Working data:
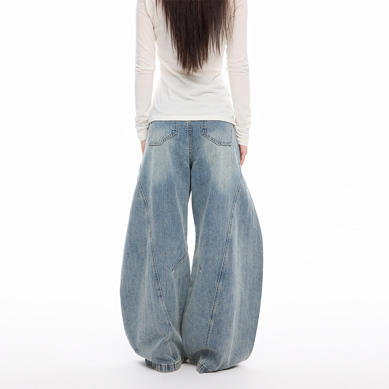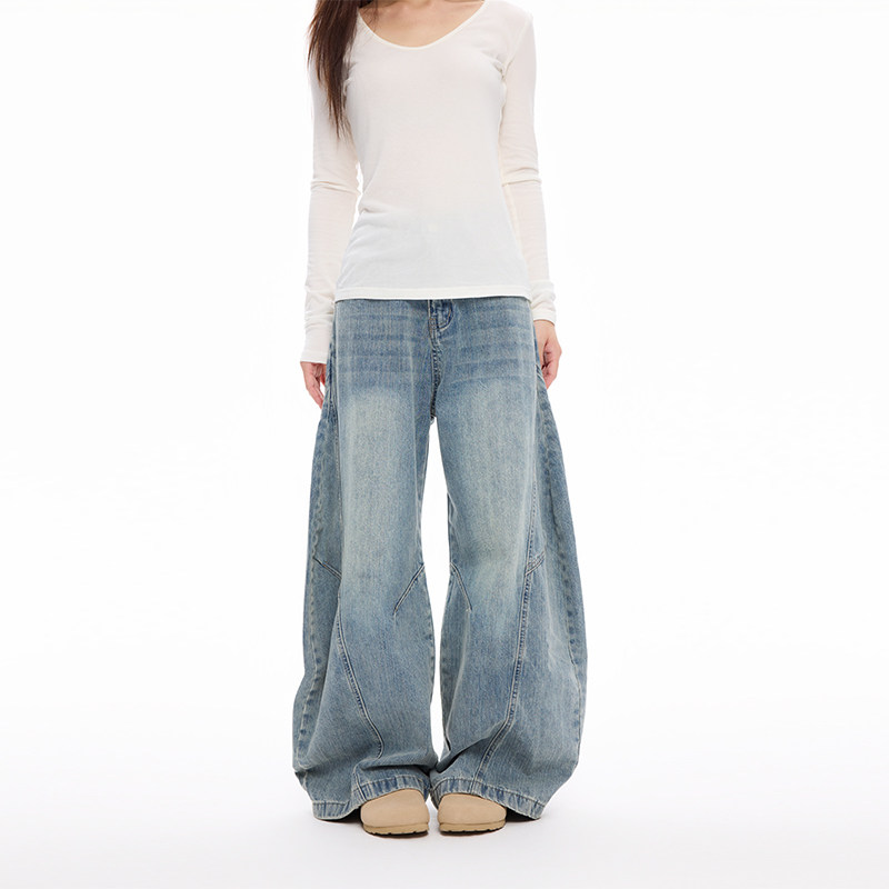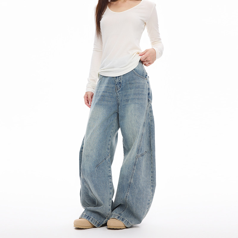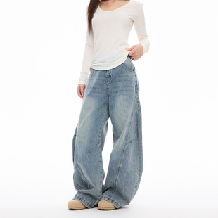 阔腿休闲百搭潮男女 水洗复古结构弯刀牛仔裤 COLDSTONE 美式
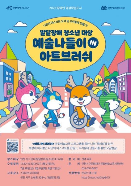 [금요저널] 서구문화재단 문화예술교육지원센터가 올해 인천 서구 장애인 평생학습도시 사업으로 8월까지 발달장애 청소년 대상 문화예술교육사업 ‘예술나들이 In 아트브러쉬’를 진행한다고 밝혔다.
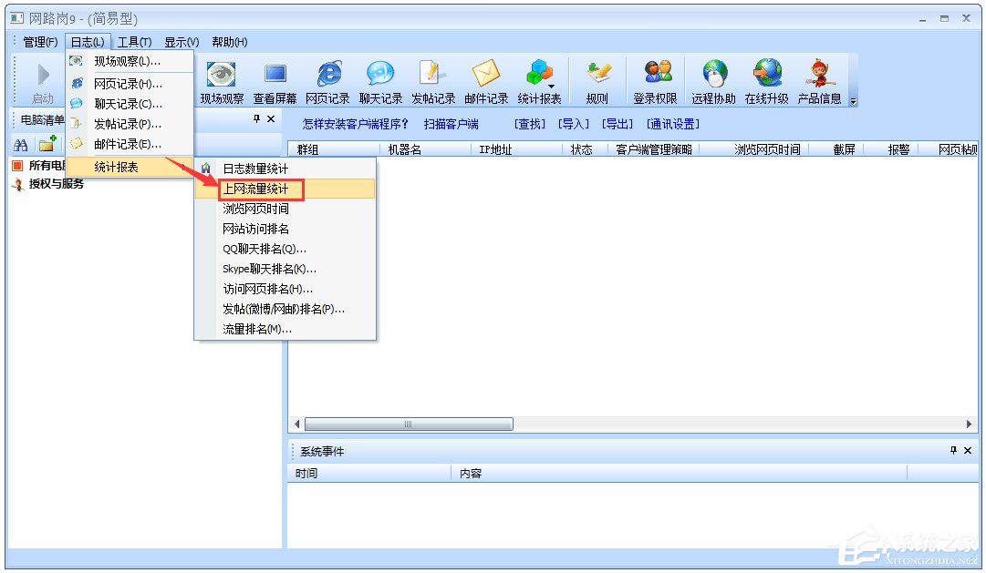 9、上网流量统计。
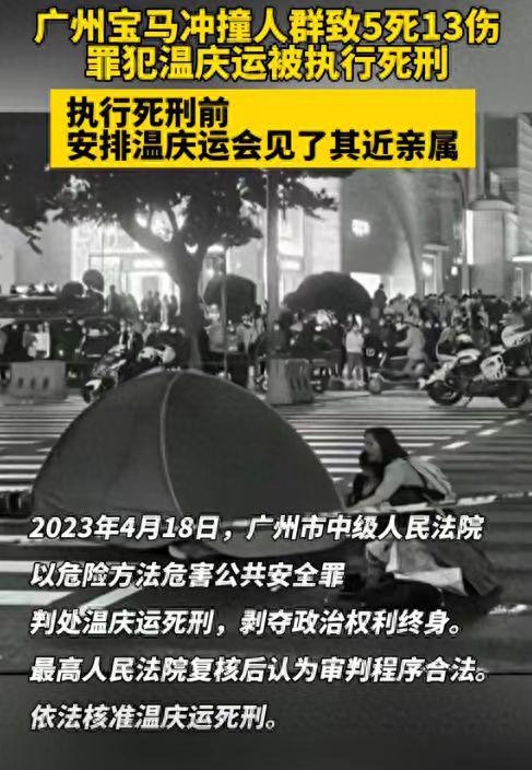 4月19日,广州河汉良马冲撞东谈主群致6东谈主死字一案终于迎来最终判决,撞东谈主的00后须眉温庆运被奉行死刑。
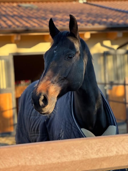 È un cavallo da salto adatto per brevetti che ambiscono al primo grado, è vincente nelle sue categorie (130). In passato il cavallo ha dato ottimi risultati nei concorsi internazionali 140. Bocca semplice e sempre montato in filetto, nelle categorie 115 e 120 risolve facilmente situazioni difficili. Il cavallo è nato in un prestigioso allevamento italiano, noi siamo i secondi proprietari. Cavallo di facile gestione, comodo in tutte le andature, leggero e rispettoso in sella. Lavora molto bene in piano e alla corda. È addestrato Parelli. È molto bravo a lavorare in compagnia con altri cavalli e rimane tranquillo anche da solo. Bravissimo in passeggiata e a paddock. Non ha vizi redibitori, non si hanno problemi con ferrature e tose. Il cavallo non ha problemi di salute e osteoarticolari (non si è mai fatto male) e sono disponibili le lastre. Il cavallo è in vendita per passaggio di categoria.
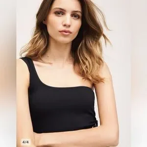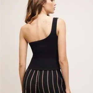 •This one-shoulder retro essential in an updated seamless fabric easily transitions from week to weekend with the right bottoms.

Task details:
Once you find the line containing "È un cavallo", retype it and every line after it through the last line of the records above, exactly. Add nothing else, and leave out the pictures.

Solution for this exercise:
 È un cavallo da salto adatto per brevetti che ambiscono al primo grado, è vincente nelle sue categorie (130). In passato il cavallo ha dato ottimi risultati nei concorsi internazionali 140. Bocca semplice e sempre montato in filetto, nelle categorie 115 e 120 risolve facilmente situazioni difficili. Il cavallo è nato in un prestigioso allevamento italiano, noi siamo i secondi proprietari. Cavallo di facile gestione, comodo in tutte le andature, leggero e rispettoso in sella. Lavora molto bene in piano e alla corda. È addestrato Parelli. È molto bravo a lavorare in compagnia con altri cavalli e rimane tranquillo anche da solo. Bravissimo in passeggiata e a paddock. Non ha vizi redibitori, non si hanno problemi con ferrature e tose. Il cavallo non ha problemi di salute e osteoarticolari (non si è mai fatto male) e sono disponibili le lastre. Il cavallo è in vendita per passaggio di categoria.
 •This one-shoulder retro essential in an updated seamless fabric easily transitions from week to weekend with the right bottoms.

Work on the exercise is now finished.